#19463: fix: suppress undici TLS setSession crash instead of exiting
cli
size: M
Cluster:
Gateway Error Handling Improvements
## Summary
Suppresses the known undici TLS `setSession` null pointer crash (`TypeError: Cannot read properties of null (reading 'setSession')`) instead of killing the gateway process. The error is logged as a warning and the process continues normally.
## Problem
The gateway crashes when undici attempts TLS session resumption on a socket whose internal `_handle` has already been destroyed. This is a race condition in undici's HTTP/1.1 connection pool: when a TLS socket closes, undici immediately tries to reconnect via `_resume()`, calling `tls.connect()` with a cached session — but `this._handle` is already null.
This crash:
- Kills the gateway process (restart takes 2-5s depending on orchestrator)

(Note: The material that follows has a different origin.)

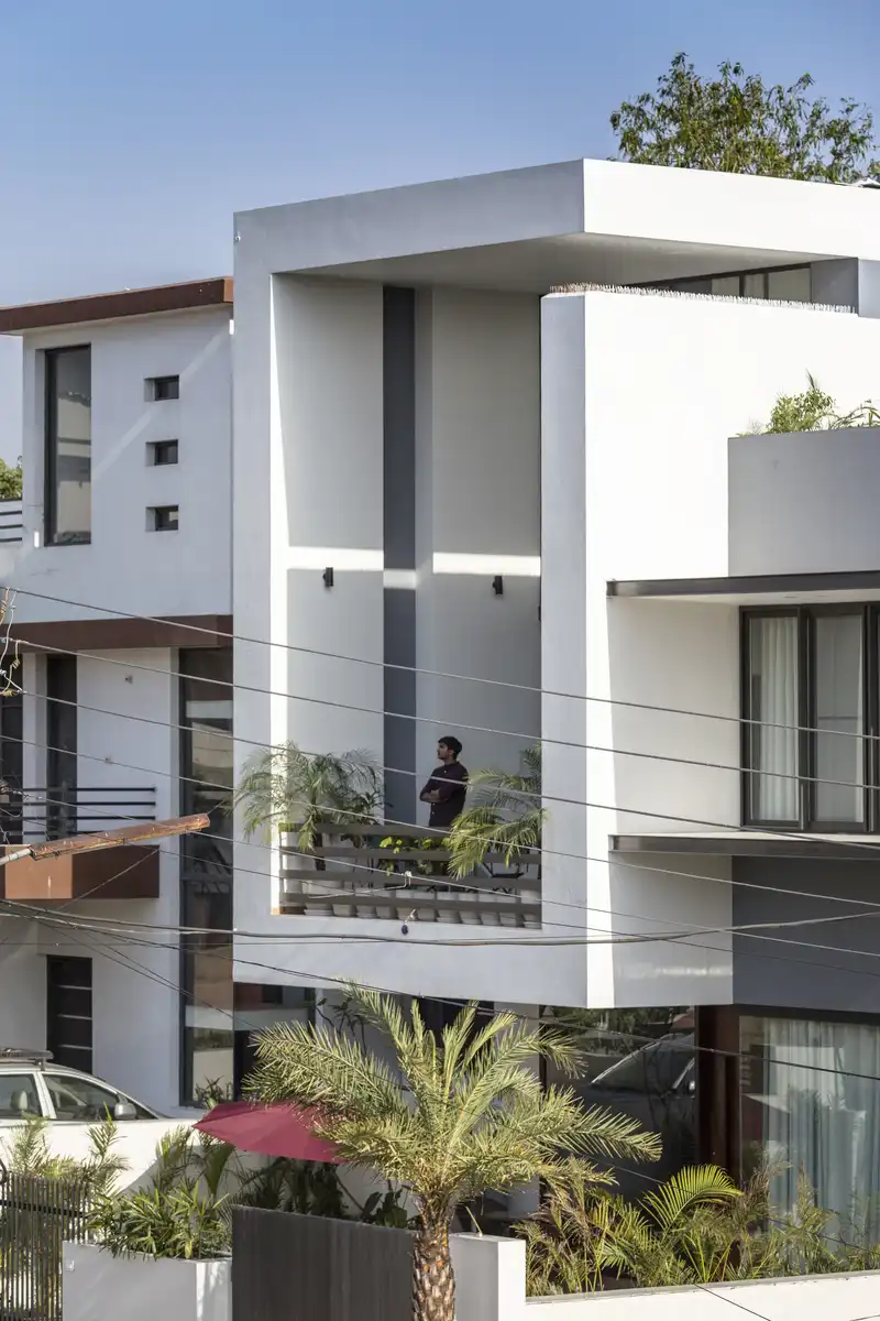 The design narrative of the Sky Box House was inspired by the youngest family member, a pilot by profession, and his fascination with aerial forms, evoking the illusion of a structure suspended in mid-air. This concept is most strikingly realized in the 11-foot cantilevered block that anchors the front façade, housing a double-height semi-open space. The interplay of proportions is further emphasized by a full-height glass screen that reveals a sculptural, metallic grey staircase.

- Drops all in-flight requests silently
- Disconnects IM channels (Telegram, Discord, etc.)
- Can trigger crash loops under heavy HTTPS traffic
Tracked in nodejs/undici#3869. Affects Node 22+ with undici 7.x.

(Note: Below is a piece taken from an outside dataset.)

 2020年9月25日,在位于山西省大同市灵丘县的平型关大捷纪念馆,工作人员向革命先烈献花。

## Why it's safe to suppress
- The socket was already closing — no in-flight data is lost
- undici creates a fresh connection on the next request automatically
- No application state is corrupted
- The error is purely in the connection lifecycle, not in request/response handling
## Changes
### `src/infra/unhandled-rejections.ts`
- **`isUndiciTlsSessionBug(err)`** — Narrowly detects this specific crash by checking:
1. Error is a `TypeError`
2. Message contains `reading 'setSession'`
3. Stack trace contains both `TLSSocket.setSession` AND `undici`
All three conditions required to avoid false positives.
- **`installUncaughtExceptionHandler()`** — Centralized handler that suppresses the TLS bug with `console.warn` while preserving `process.exit(1)` for all other uncaught exceptions.
### Entry points (`src/index.ts`, `src/cli/run-main.ts`, `src/macos/relay.ts`)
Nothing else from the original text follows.